Landing a Data Science Gig in New York City
Trying to break into the NYC data science job market? Sans a PhD? This guide was tailor-made for you.-Ground Truth
R for Journalists
This site is a great launch pad for anyone who's new to R, journalist or not. Each post provides step-by-step instructions and code for making a visualization with data about a current event.-R for Journalists
R Studio Community
R Studio recently opened up a forum. It's a great place to hang out with other R users, talk with R package developers during open office hours, or ask newbie questions if you're intimidated by Stack Overflow.-R Studio
Fast GeoSpatial Analysis in Python
If you get frustrated by the sluggishness of Python's GeoSpatial stack, check out this experiment. Combining Cython, Dask, and GeoPandas sped up the mapping of 120 million geospatial data points by 30x.-Matthew Rocklin
Becoming a 10x Data Scientist
Whether or not you believe 10x developers exist, data scientists can learn a ton from seasoned developers who are considered incredibly prolific and proficient.-Algorithmia
Practical Data Science for Stats
Many aspects of day-to-day analytics work are missing from the conventional statistics literature and curriculum.
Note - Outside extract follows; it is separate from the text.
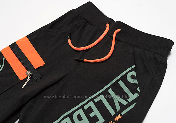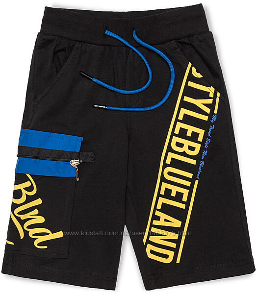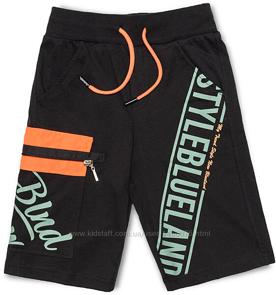 Удлинённые, супер-стильные шорты-бермуды, с удобной посадкой, эластичным поясом на широкой резинке, двумя прорезными карманами и одним боковым накладным карманом с клапаном, обеспечат уют и комфорт при носке. Шорты украшены яркими принтовыми надписями, стильным декором и ярко-синим клапаном, которые прекрасно сочетаются с принтом и декором на футболке, что объединяет эти вещи в стильный и очень модный комплект.

This bookmark-worthy collection aims to solve that problem, with tons of preprints on modern analytical workflows.-PeerJ
Python Cheat Sheet for Data Science: Intermediate
A handy reference for Pythonistas who have been around the block a few times.-Dataquest
Buggy Python Code: The 10 Most Common Mistakes That Python Developers Make
This list ain’t for rookies. Here are some of the subtle, harder-to-catch errors that have even advanced Python users tearing their hair out.-Toptal
Giving Your First Data Science Talk
Here’s why you should consider giving a talk and how to prep. Our favorite insight: your audience is the you from six months (or one year or five years) ago. -Hooked on Data
Using optaplanner to plan water supplies
Does your job involve a lot of resource planning? Learn how to use OptaPlanner—an open-source constraint satisfaction solver—in the most Silicon Valley way possible: planning out water logistics for Burning Man.-Richard Weiss
Craft Your Python Like Poetry
The Python style guide PEP 8 specifies line length at 79 characters, but that doesn't mean you should wrap lines when they hit an arbitrary length. If you need to sharpen your poetic sensibilities, these code examples will teach you how to write readable, beautiful Python.-Trey Hunner
I have data. I need insights. Where do I start?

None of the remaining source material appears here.